Without the pictures, set down the records below word for word.

Excerpts from a dataset:
****
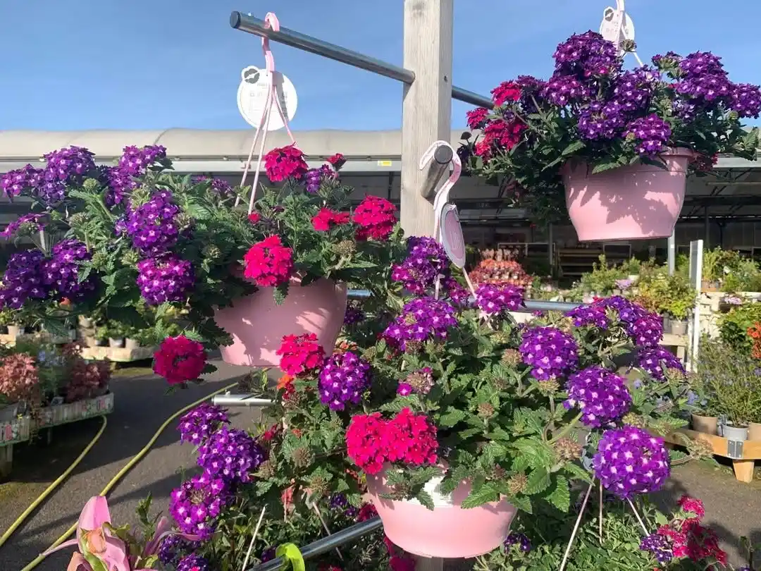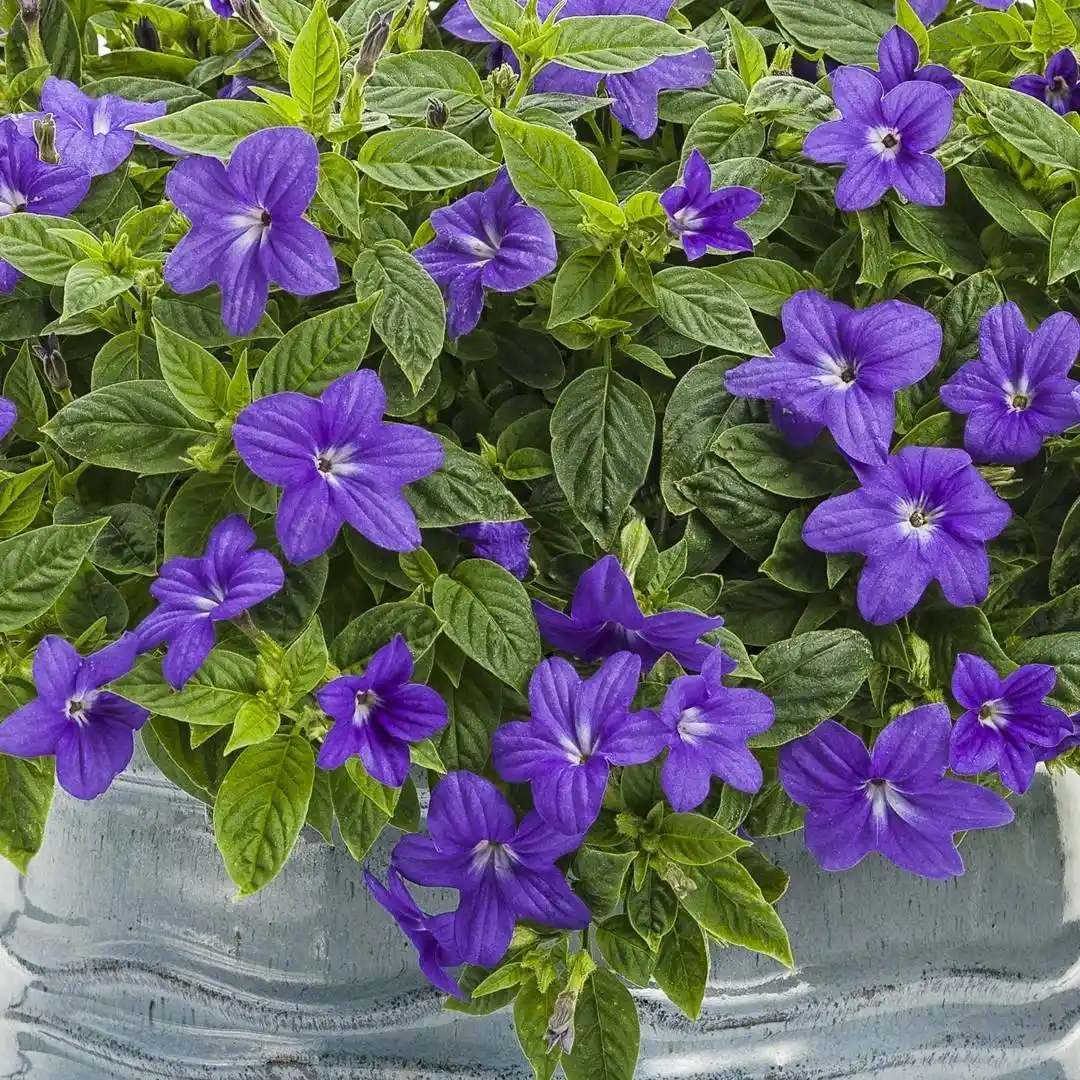 Plant in full sun to part sun, very well-drained soil (they sulk in soggy media), and feed lightly throughout the season. They’re perennial in Zones 9–11 but grown as annuals elsewhere. For baskets, choose 12–14″ diameter so the plant can mound and spill. These are top performers for continuous bloom and nectar.
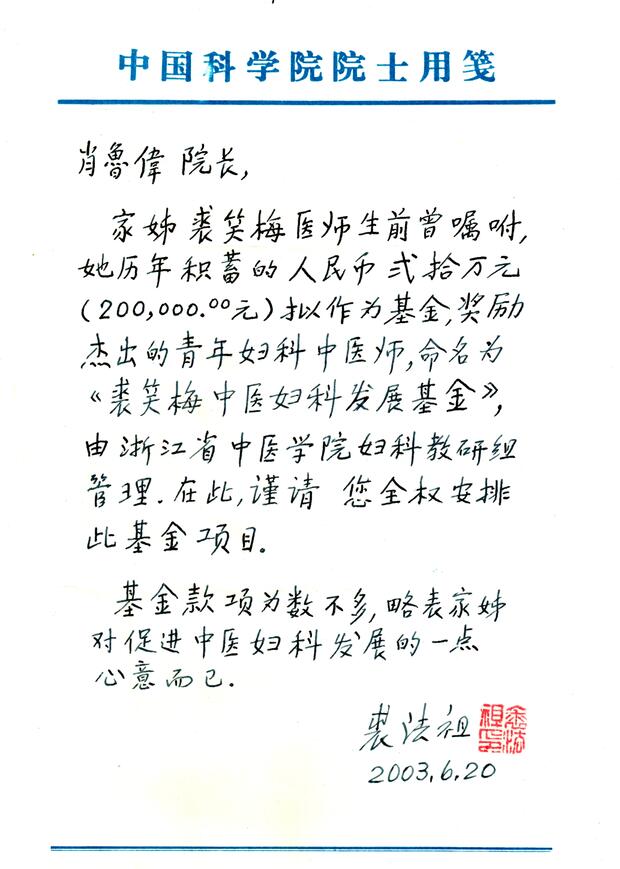 浙江省中医院的工作人员近日在整理资料时,意外发现了这封裘法祖院士的亲笔信,信中内容说的是他姐姐裘笑梅的临终医院,用她历年积蓄的20万元人民币设立“裘笑梅中医妇科发展基金”,奖励杰出的青年妇科中医师,以促进中医妇科的发展。
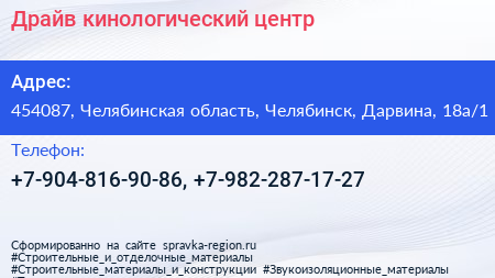 Драйв, кинологический центр по адресу 454087, Челябинская область, Челябинск, Дарвина, 18а/1 в дальнейшем Организация, размещена в следующих категориях:
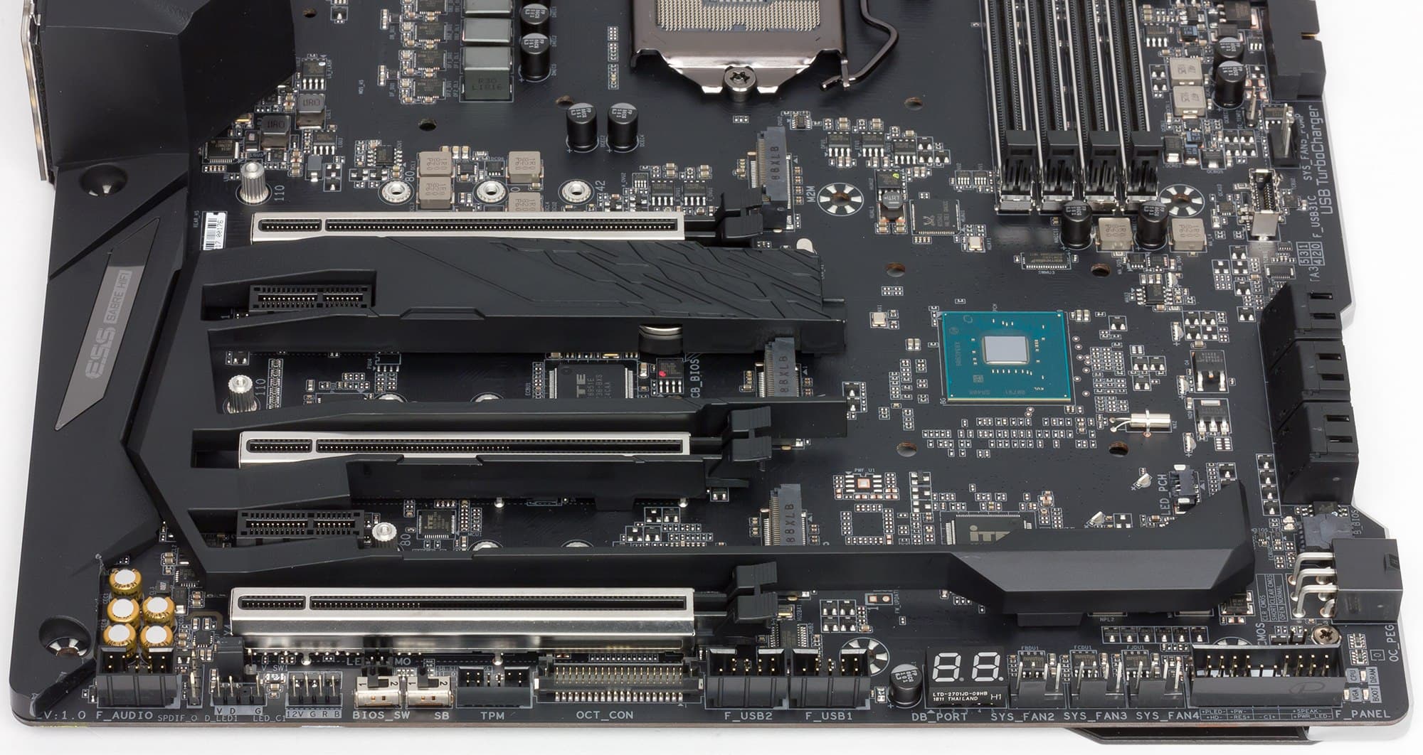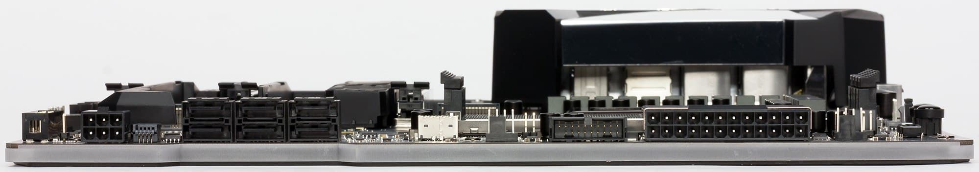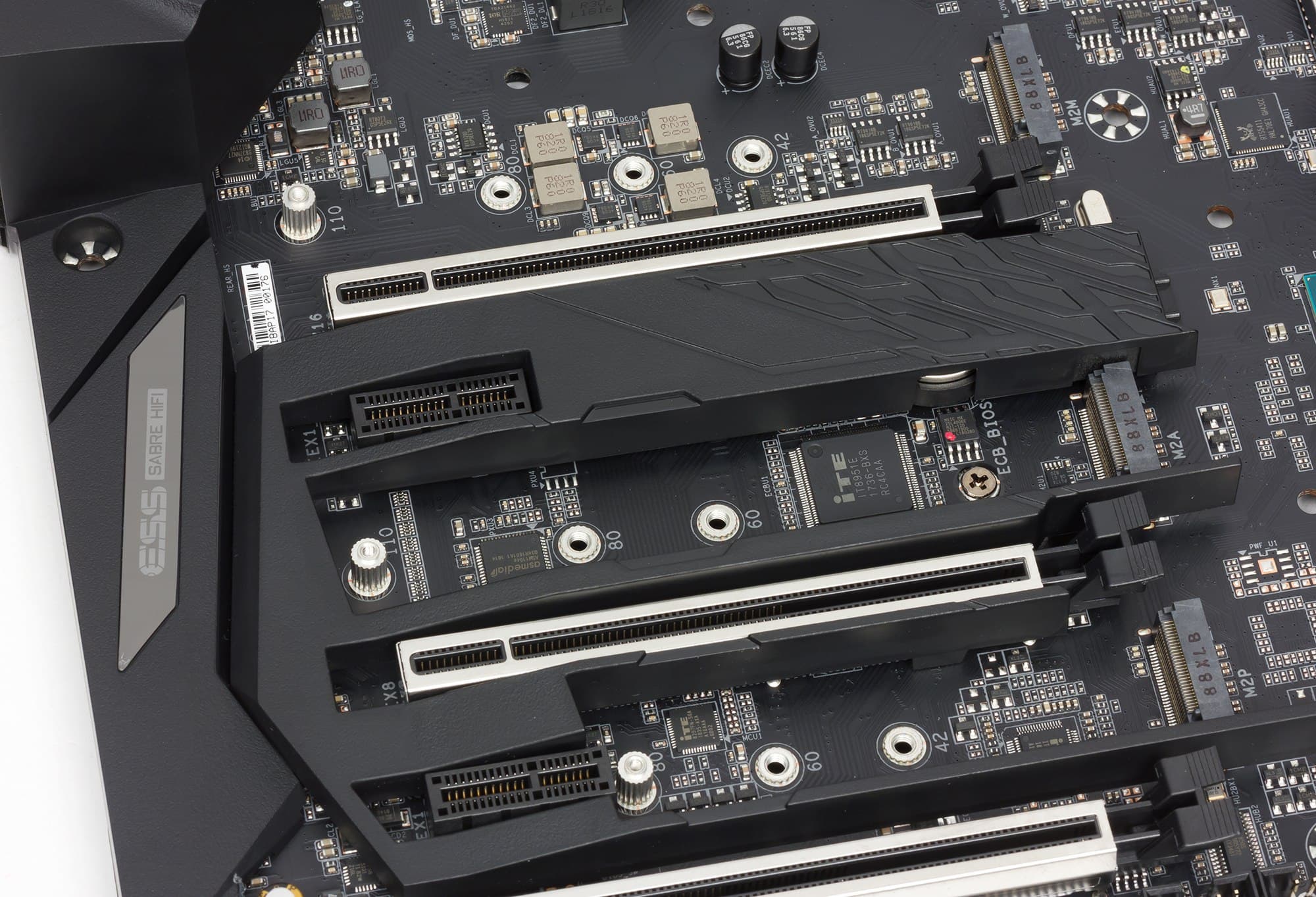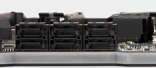 Всего у платы 6 разъемов Serial ATA 6 Гбит/с + 3 слота для накопителей в форм-факторе M.2. (Еще один слот M.2, спрятанный под кожухом блока разъемов задней панели, занят контроллером беспроводных сетей Wi-Fi/Bluetooth.)
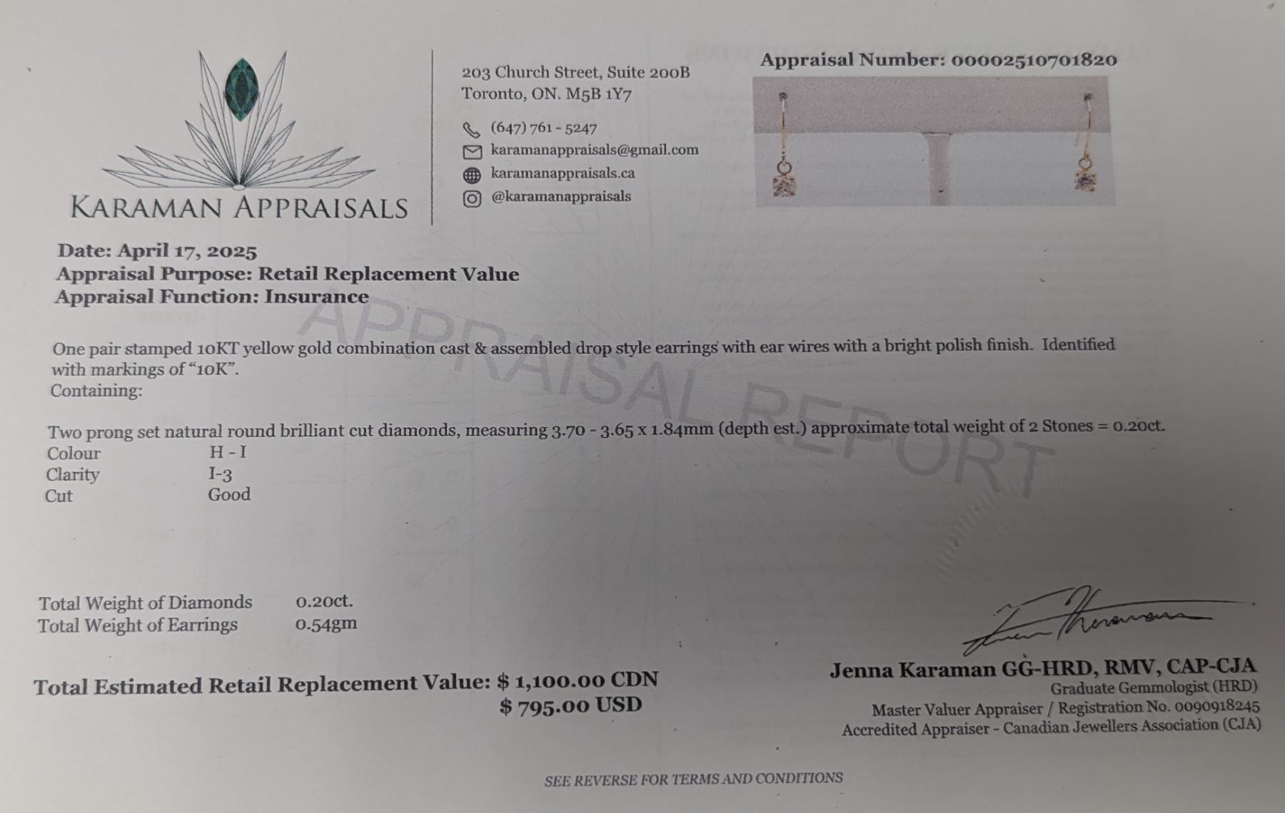 10K(0.54G), (NATURAL DIAMOND ) (0.2CT)EARRINGS, APPRAISED INSURANCE VALUE $1100
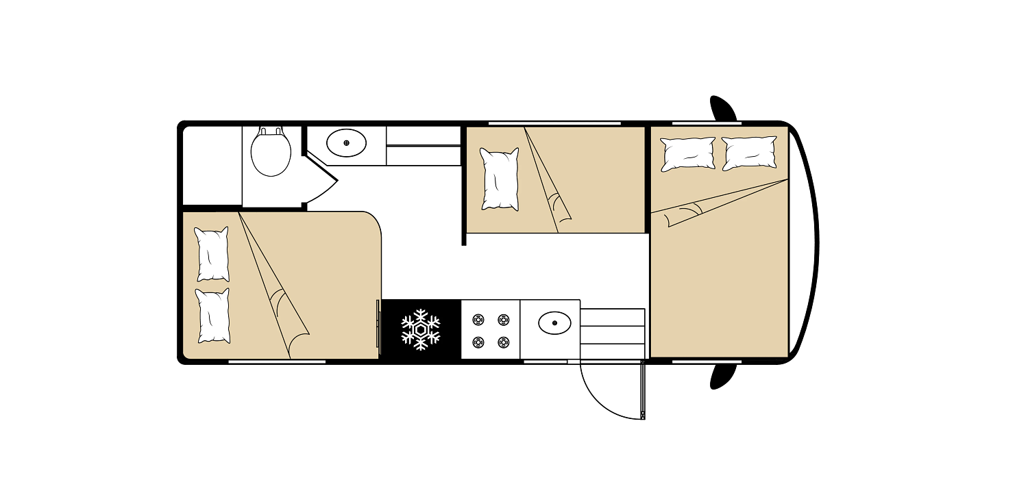 | Extra | Cruise control, campingtafel, USB poort, afsluitgordijn bij achterste bed |
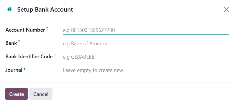 A blank form opens where you enter the Account Number, Bank, Bank Identifier Code, and Journal, then create. The account is now recorded in your database and ready for manual statement uploads, reconciliations, and payment processing.
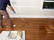 Use a brush to cut in around the room perimeter. Applying stain (as well as sealer and polyurethane) is done using many of the same techniques you’d use when painting. Always begin your stroke a foot or two away from the area you’ve just coated. Then brush (or push applicator) to meet the previously stained area. This will help ensure even coverage. Follow up application by rubbing off excess stain with a rag. The goal is an even tone across the entire floor surface, although slight variations are perfectly acceptable. Apply polyurethane in two- or three-foot-wide parallel rows, each row overlapping the previous one. Make smoothing strokes (uninterrupted, continuous runs with the roller using light, even pressure) after completing each row. Lightly sand between coats of polyurethane with very fine, 320-grit paper. A sanding pole makes it easier on your knees, but hand-sanding allows you to spot embedded debris. Wipe surface clean with a tack cloth or a rag dampened with mineral spirits before proceeding with the next coat.
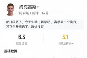 體育資訊12月14日訊 本輪英超,阿森納主場暫1-0狼隊。此役約克雷斯首發(fā)81分鐘被換下,球員全場重點數(shù)據(jù)如下↓
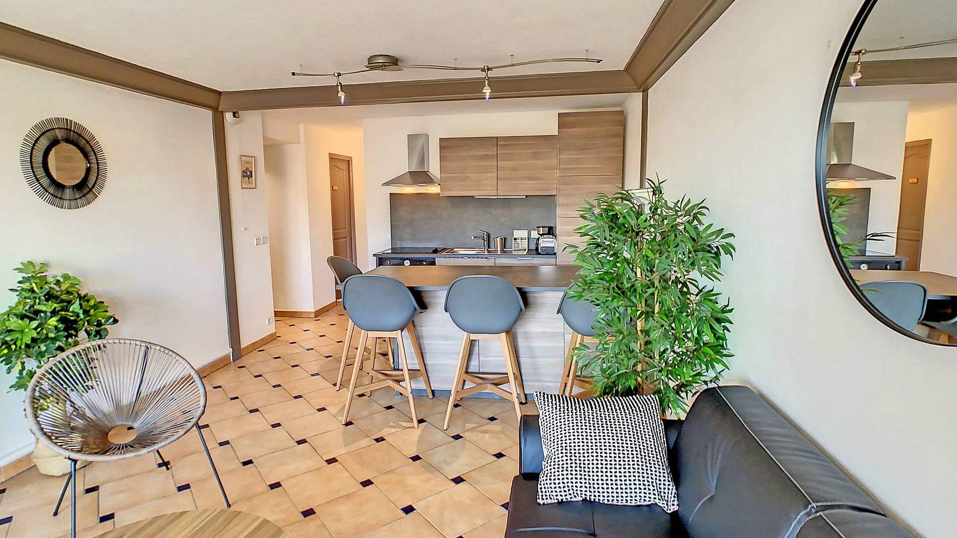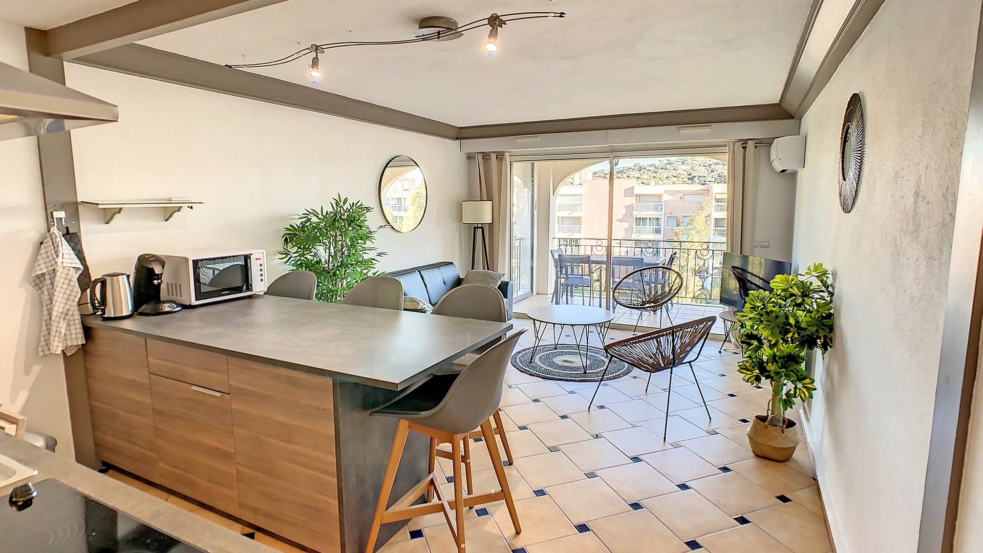 - Belle pièce à vivre climatisée comprenant salon avec canapé, table basse, TV, accès direct à la terrasse et espace repas avec table et chaises
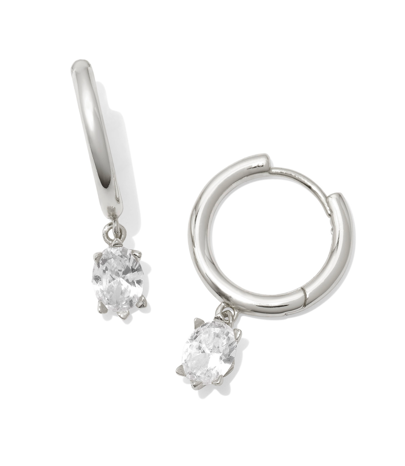CAILIN SINGLE STONE HUGGIE EARRINGS SILVER WHITE CRYSTAL
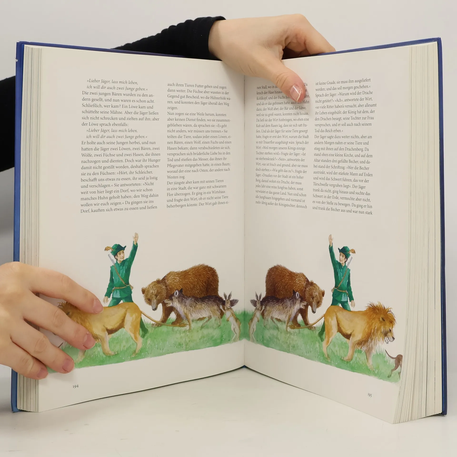 Vollständige Ausgabe der Grimm Märchen: Unzählig sind die im Laufe der letzten 200 Jahre erschienenen Märchenbücher der Brüder Grimm. Für dieses dicke Hausbuch wurden sämtliche Märchen aus der früheren Ausgabe von 1857 vereint und es wurden ihnen noch unbekanntere Grimmsche Märchen aus früheren Ausgaben, beigefügt. In leicht modernisierter Sprache sind sie nun alle zu lesen: "Das Schneewittchen", "Fundevogel", "Hänsel und Gretel", "Der Spielhansl", "Der goldene Schlüssel" und und und... 207 Märchen an der Zahl. Beeindruckend sind die Bilder von Charlotte Dematons, auf denen sie die Atmosphäre der Märchen eindrücklich festhält und mit denen sie die Fanasie mancher Betrachtenden zu schüren vermag. Ein reich und wunderbar bebildertes Märchenbuch, in dem es eine wahre Freude ist, in eine unerschöpfliche Märchenwelt einzutauchen, in der das Gute zumeist über das Böse siegt. Ein umfangreiches Wörterbuch und Lexikon zu den Märchen ist am Ende des Buches zu finden. Ab 7 Jahren, augezeichnet, Beatrice Balint.
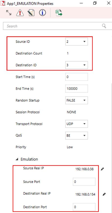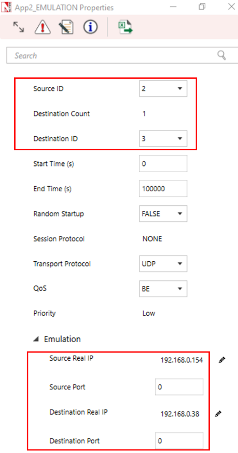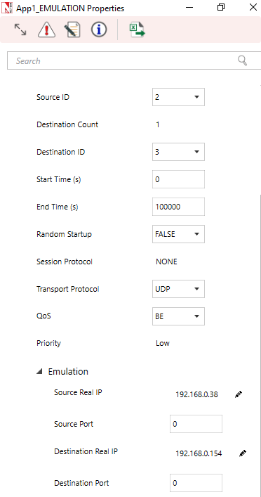In the Application Properties, set Application Type as “EMULATION”. Assign real Source IP address and Destination IP address in the respective fields. Then Click OK.
****
Task result —
 Plant in full sun to part sun, very well-drained soil (they sulk in soggy media), and feed lightly throughout the season. They’re perennial in Zones 9–11 but grown as annuals elsewhere. For baskets, choose 12–14″ diameter so the plant can mound and spill. These are top performers for continuous bloom and nectar.
 浙江省中医院的工作人员近日在整理资料时,意外发现了这封裘法祖院士的亲笔信,信中内容说的是他姐姐裘笑梅的临终医院,用她历年积蓄的20万元人民币设立“裘笑梅中医妇科发展基金”,奖励杰出的青年妇科中医师,以促进中医妇科的发展。
 Драйв, кинологический центр по адресу 454087, Челябинская область, Челябинск, Дарвина, 18а/1 в дальнейшем Организация, размещена в следующих категориях:
 Всего у платы 6 разъемов Serial ATA 6 Гбит/с + 3 слота для накопителей в форм-факторе M.2. (Еще один слот M.2, спрятанный под кожухом блока разъемов задней панели, занят контроллером беспроводных сетей Wi-Fi/Bluetooth.)
 10K(0.54G), (NATURAL DIAMOND ) (0.2CT)EARRINGS, APPRAISED INSURANCE VALUE $1100
 | Extra | Cruise control, campingtafel, USB poort, afsluitgordijn bij achterste bed |
 A blank form opens where you enter the Account Number, Bank, Bank Identifier Code, and Journal, then create. The account is now recorded in your database and ready for manual statement uploads, reconciliations, and payment processing.
 Use a brush to cut in around the room perimeter. Applying stain (as well as sealer and polyurethane) is done using many of the same techniques you’d use when painting. Always begin your stroke a foot or two away from the area you’ve just coated. Then brush (or push applicator) to meet the previously stained area. This will help ensure even coverage. Follow up application by rubbing off excess stain with a rag. The goal is an even tone across the entire floor surface, although slight variations are perfectly acceptable. Apply polyurethane in two- or three-foot-wide parallel rows, each row overlapping the previous one. Make smoothing strokes (uninterrupted, continuous runs with the roller using light, even pressure) after completing each row. Lightly sand between coats of polyurethane with very fine, 320-grit paper. A sanding pole makes it easier on your knees, but hand-sanding allows you to spot embedded debris. Wipe surface clean with a tack cloth or a rag dampened with mineral spirits before proceeding with the next coat.
 體育資訊12月14日訊 本輪英超,阿森納主場暫1-0狼隊。此役約克雷斯首發(fā)81分鐘被換下,球員全場重點數(shù)據(jù)如下↓
 - Belle pièce à vivre climatisée comprenant salon avec canapé, table basse, TV, accès direct à la terrasse et espace repas avec table et chaises
CAILIN SINGLE STONE HUGGIE EARRINGS SILVER WHITE CRYSTAL
 Vollständige Ausgabe der Grimm Märchen: Unzählig sind die im Laufe der letzten 200 Jahre erschienenen Märchenbücher der Brüder Grimm. Für dieses dicke Hausbuch wurden sämtliche Märchen aus der früheren Ausgabe von 1857 vereint und es wurden ihnen noch unbekanntere Grimmsche Märchen aus früheren Ausgaben, beigefügt. In leicht modernisierter Sprache sind sie nun alle zu lesen: "Das Schneewittchen", "Fundevogel", "Hänsel und Gretel", "Der Spielhansl", "Der goldene Schlüssel" und und und... 207 Märchen an der Zahl. Beeindruckend sind die Bilder von Charlotte Dematons, auf denen sie die Atmosphäre der Märchen eindrücklich festhält und mit denen sie die Fanasie mancher Betrachtenden zu schüren vermag. Ein reich und wunderbar bebildertes Märchenbuch, in dem es eine wahre Freude ist, in eine unerschöpfliche Märchenwelt einzutauchen, in der das Gute zumeist über das Böse siegt. Ein umfangreiches Wörterbuch und Lexikon zu den Märchen ist am Ende des Buches zu finden. Ab 7 Jahren, augezeichnet, Beatrice Balint.
In the Application Properties, set Application Type as “EMULATION”. Assign real Source IP address and Destination IP address in the respective fields. Then Click OK.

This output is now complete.